Потом ячмень как-то сам собой исчез, оставив после себя маленький шрам. С тех пор его левый глаз немного отличался от правого. Заметить это можно было, только пристально вглядевшись. Но, тем не менее, разница все же была.
К 16-ти годам что-то произошло с его челюстью. Или это было и раньше, было всегда, а он просто не видел. Так или иначе, ассиметрия его лица теперь была очевидной: слева тяжеловесная коровья челюсть, справа — хищный, изящный изгиб. Тогда же он заметил, что левое ухо у него больше правого и другой формы.
Он надеялся, что сумеет, когда начнет расти борода, стрижкой сгладить эту разницу. Когда она таки начала расти, вспоминать эти надежды без смеха было невозможно. Конечно, волосы тоже не желали расти как положено. Слева было нечто пушкинское, справа — какая-то вялая поросль, вроде пучков саксаула в пустыне.

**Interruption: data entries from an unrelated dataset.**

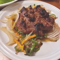 トースターではなくグリルで作りました。お酒がすすむよう味を濃いめにして。美味しい♡時短簡単!フライパン等の洗い物が出ない!材料もラム肉と玉ねぎだけ!(余ってたピーマンと人参で彩り足してますが)とにかく何が言いたいかというと最高でした♪
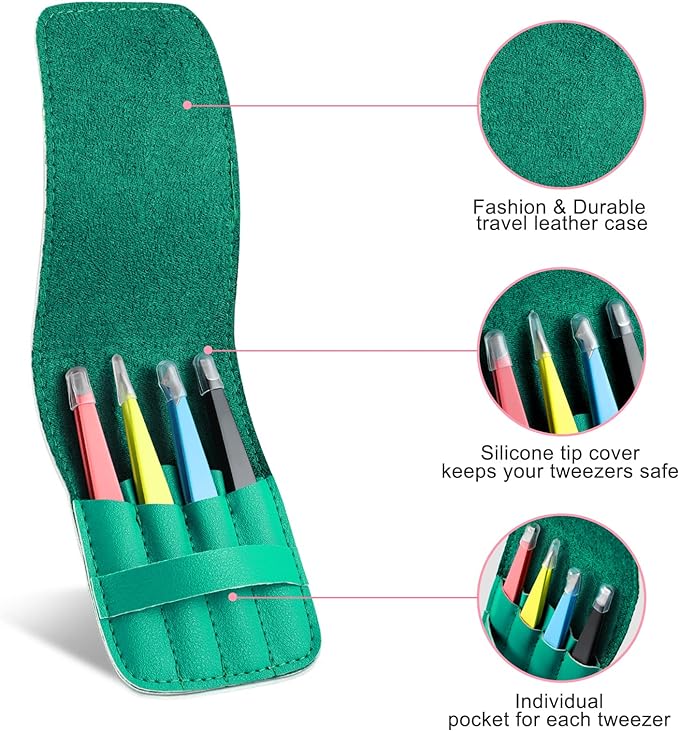 - Travel Leather Case: The exquisite leather case perfectly protects the eyebrow tweezers. Each tweezer has an individual pocket and each eyebrow tweezer has a head protective cover
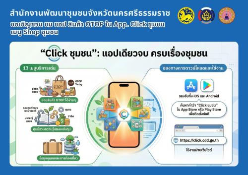 āđāļāļāļāļĨāļīāđāļāļāļąāļ Click āļāļļāļĄāļāļ āļāļĢāļ°āļāļāļāļāđāļ§āļĒ 13 āđāļĄāļāļđāļāļĢāļīāļāļēāļĢ “āđāļāļāđāļāļĩāļĒāļ§āļāļ āļāļĢāļāđāļĢāļ·āđāļāļāļāļļāļĄāļāļ” āđāļāđāđāļāđ 1) Shop āļāļļāļĄāļāļ 2) OTOP Today 3) āļāļāļāļāļļāļāļāļąāļāļāļēāļāļāļāļēāļāļŠāļāļĢāļĩ 4) āļāļ§āļēāļĄāļĢāļđāđāļāļļāļĄāļāļ 5) āļāļĢāļēāļāļāđāļāļļāļĄāļāļ 6) āļĄāļĩāļāļļāļ 7) 108 āļāļēāļāļĩāļ 8) CDD āļāļēāđāļāļĩāđāļĒāļ§ 9) āđāļāļāļŦāļāļāļāļāļē 10) āļāļđāļāļāđāļāļĒ 11) āļāļđāļāļļāļĄāļāļ 12) Big Data āđāļĨāļ° 13) CDD AI
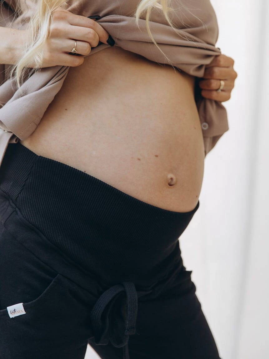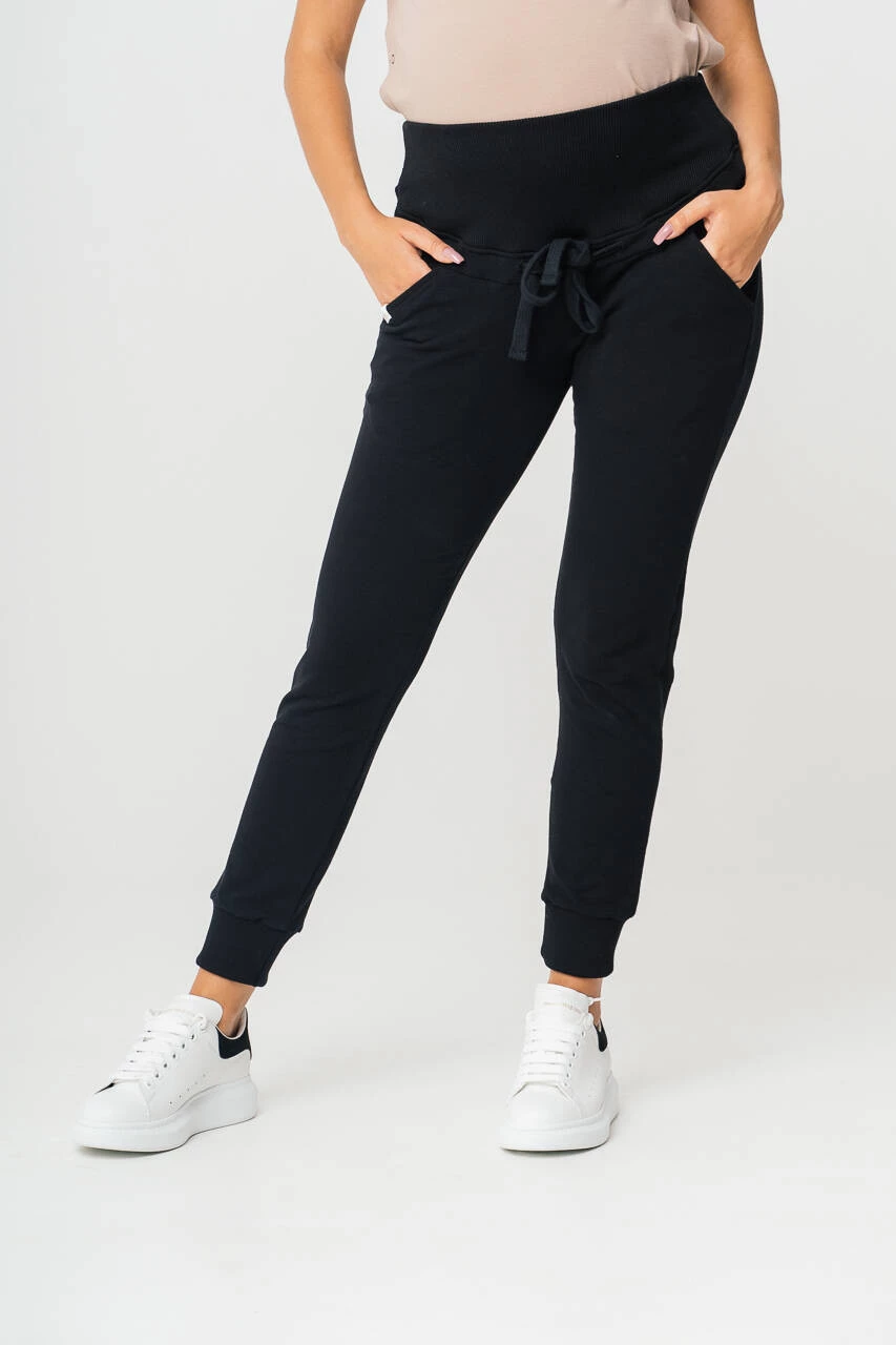 Wählen Sie eine bequeme und stilvolle schwarze Umstands-Jogginghose, die ein Muss in der Garderobe jeder werdenden Mutter sein wird !
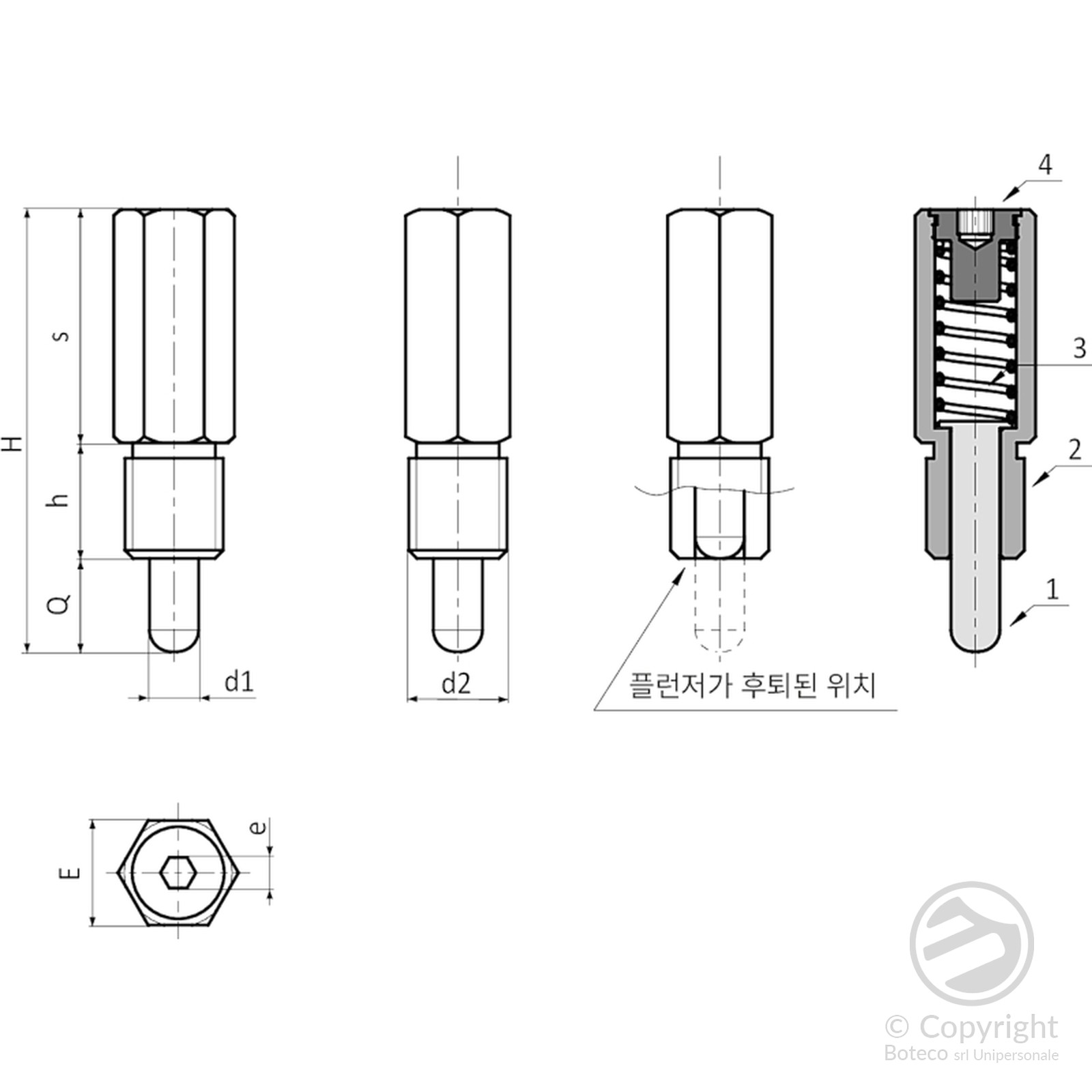 | 코드 | Art. | E | H | h | s | e | d2 | d1 -0,04 -0,08 | Q | 무게(g) |
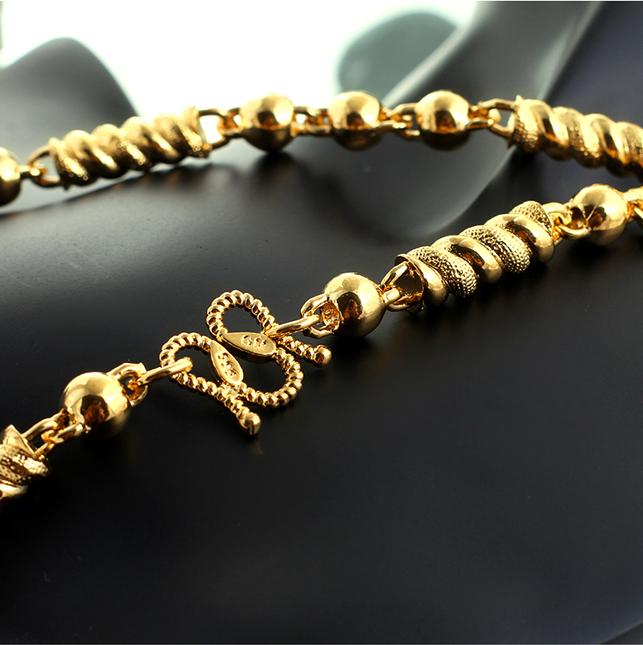 Với thiết kế sang trọng, những mắt xích với đường vân tỉ mỉ, dây chuyền mạ vàng 24k tạo sự mạnh mẽ nhưng không quá cứng nhắc.
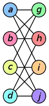 The complete bipartite graph is the graph composed of two disjoint subsets of cardinality respectively, such that contains an edge between each node in and every node in .
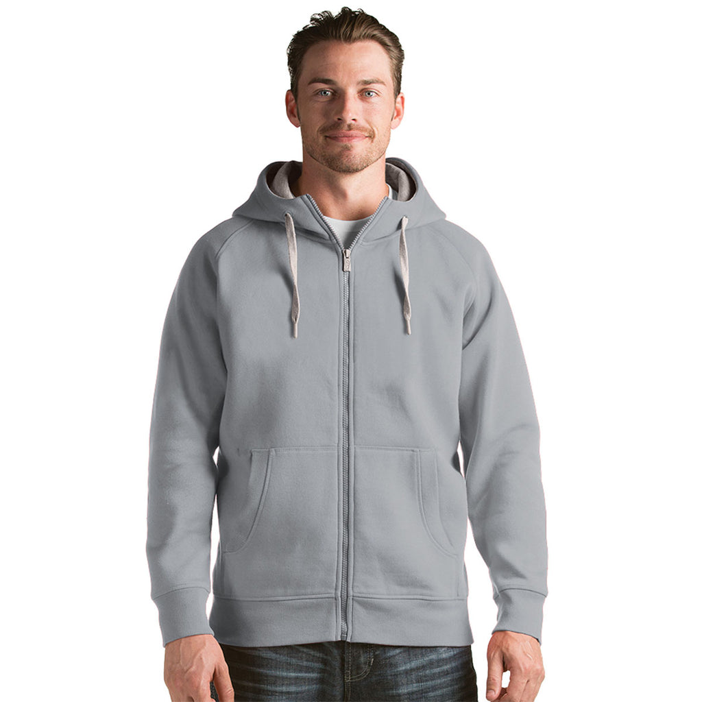 The custom Antigua Men's Grey Heather Victory Full Zip Hoodie is the perfect companion for your company logo. Super soft cotton blends with highly durable polyester to create the ideal outer layer for both camping trips and golf tournaments. Not to mention a great layering piece for a long day of business travel. Cover stitching at the rib cuff and bottom hem adds a stylish design element to the hoodie. Attach a custom logo on the large imprint area to increase your brand awareness at industry events and recruiting outings. Your team will be more than happy to wear this comfortable full zip during the work week and on the weekends.Corresponding Women's Style: Antigua Women's Grey Heather Victory Hoodie
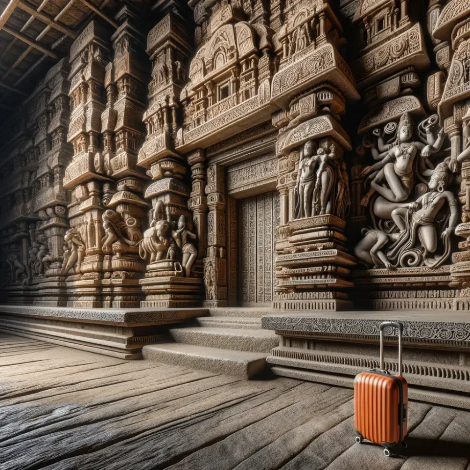 Интерьер храма также поражает своим художественным богатством. Внутренние залы и святилища украшены многочисленными скульптурами и резными панелями, создавая атмосферу духовного величия и красоты. Главное святилище с его детализированной резьбой и скульптурами создает ощущение священности и божественного присутствия.
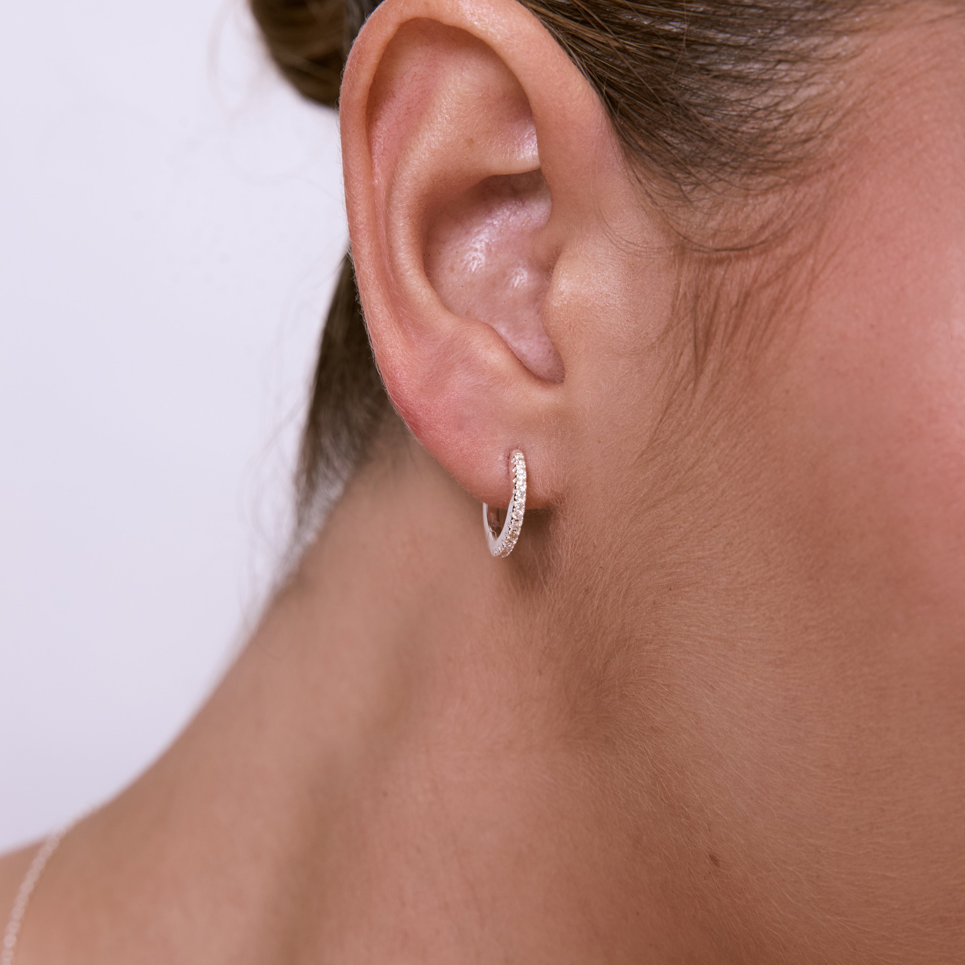 עגילי חישוק משובצים זירקונים מנצנצים בעיצוב קלאסי ואלגנטי, שלא ירדו לך מהאוזן. גודל בינוני. העגילים עשויים בעבודת יד ומצופים בכסף טהור.

Конечно, ему хотелось быть красивым. Ну, пусть не красивым, но хотя бы нормальным, не уродливым. Но дело было не только в этом. Когда-то давно он прочитал, что внешность, изменяясь со временем, начинает все больше отражать внутренний мир человека. Злой и подлый ребенок еще может выглядеть, как юный ангел, но тридцатилетний подлец и будет выглядеть, как подлец. В этом что-то было, наверное. Морщины отображают нашу мимику, а мимика отображает наши чувства. И со временем отдельные черточки — гусиные лапки в уголках глаз, печально опущенные уголки рта, красные пористые носы, жирные, свисающие щеки, многократно расчесанный, не прошедший с юности прыщ на виске, тяжесть в глазах, вздернутые или поджатые губы — все это со временем сложится в единый узор, портрет нашего я, того, спрятанного где-то далеко в темноте. Он, конечно, не верил этой теории абсолютно, но все же принимал во внимание. Что-то в ней было. Но что же тогда отображало его лицо? Его перекошенное, разноглазое лицо? Глядя в зеркало, он словно каждый раз узнавал про себя что-то новое, и это новое вовсе не радовало. Он узнавал про себя (узнавал в себе) что-то плохое — не подростковые глупости, не обыденные, всеобщие пороки — что-то плохое на самом деле.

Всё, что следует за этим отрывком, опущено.